A: A mixed number is a combination of a whole number and a fraction, while a fraction represents a part of a whole. For example, $3 \frac{5}{6}$ is a mixed number, where 3 is the whole number and $\frac{5}{6}$ is the fraction.

Q: How do I compare two mixed numbers?

A: To compare two mixed numbers, you need to compare the whole number parts first, and then the fraction parts. If the whole number parts are equal, you can compare the fraction parts.

Q: How do I compare a mixed number and a fraction?

A: To compare a mixed number and a fraction, you need to convert the mixed number to an improper fraction, and then compare the two fractions.

Q: What is the order of operations when comparing mixed numbers and fractions?

A: The order of operations is:

1. Multiply the mixed number by the fraction (if necessary)
2. Convert the result to a common denominator
3. Compare the result with the mixed number or fraction

Q: How do I convert a mixed number to an improper fraction?

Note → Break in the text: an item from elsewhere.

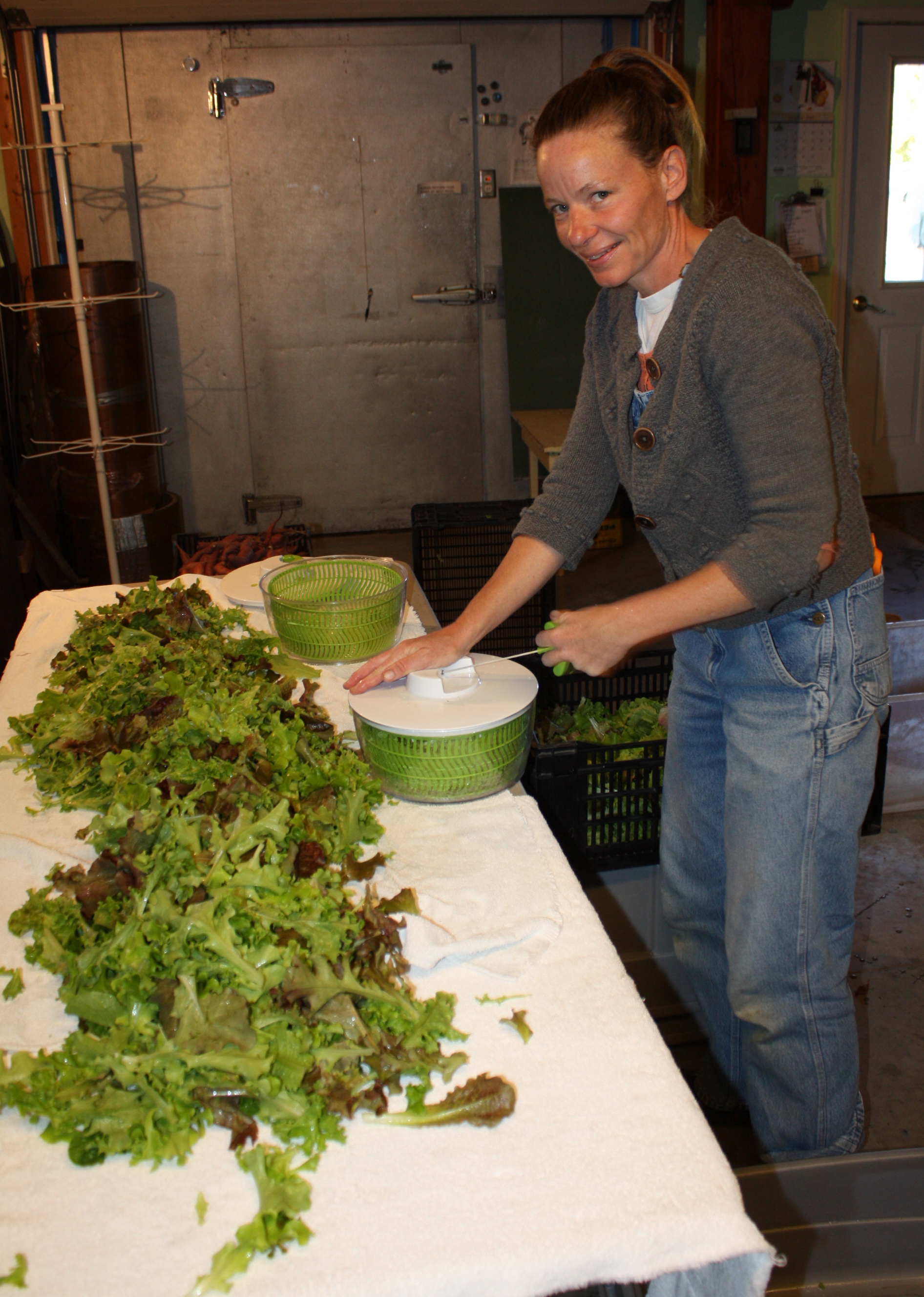 Leaf Lettuce-Harvested from the hoop house. A big bag for everyone and a fun mix. We triple rinse the leaves after harvest and then Scott has a fancy way he “swing dries” the water off and then we spin it all in those lame little home kitchen salad spinners….it takes forever.

A: To convert a mixed number to an improper fraction, you need to multiply the whole number part by the denominator, and then add the numerator.

For example, to convert $3 \frac{5}{6}$ to an improper fraction:

$3 \frac{5}{6} = \frac{(3 \times 6) + 5}{6}$

$= \frac{18 + 5}{6}$

$= \frac{23}{6}$

Q: What is the least common multiple (LCM) of two numbers?

A: The least common multiple (LCM) of two numbers is the smallest number that both numbers can divide into evenly.

For example, the LCM of 5 and 6 is 30.

Q: How do I find the LCM of two numbers?

A: To find the LCM of two numbers, you can list the multiples of each number and find the smallest number that appears in both lists.

Alternatively, you can use the following formula:

LCM(a, b) = (a × b) / GCD(a, b)

where GCD(a, b) is the greatest common divisor of a and b.

Q: What is the greatest common divisor (GCD) of two numbers?

A: The greatest common divisor (GCD) of two numbers is the largest number that both numbers can divide into evenly.

For example, the GCD of 5 and 6 is 1.

Q: How do I find the GCD of two numbers?

A: To find the GCD of two numbers, you can list the factors of each number and find the largest number that appears in both lists.

Alternatively, you can use the following formula:

GCD(a, b) = (a × b) / LCM(a, b)

Conclusion

Comparing mixed numbers and fractions can be a challenging task, but by following the order of operations and using the correct techniques, you can accurately compare these types of numbers. We hope this article has provided you with a better understanding of how to compare mixed numbers and fractions, and has answered some of the most frequently asked questions in this area.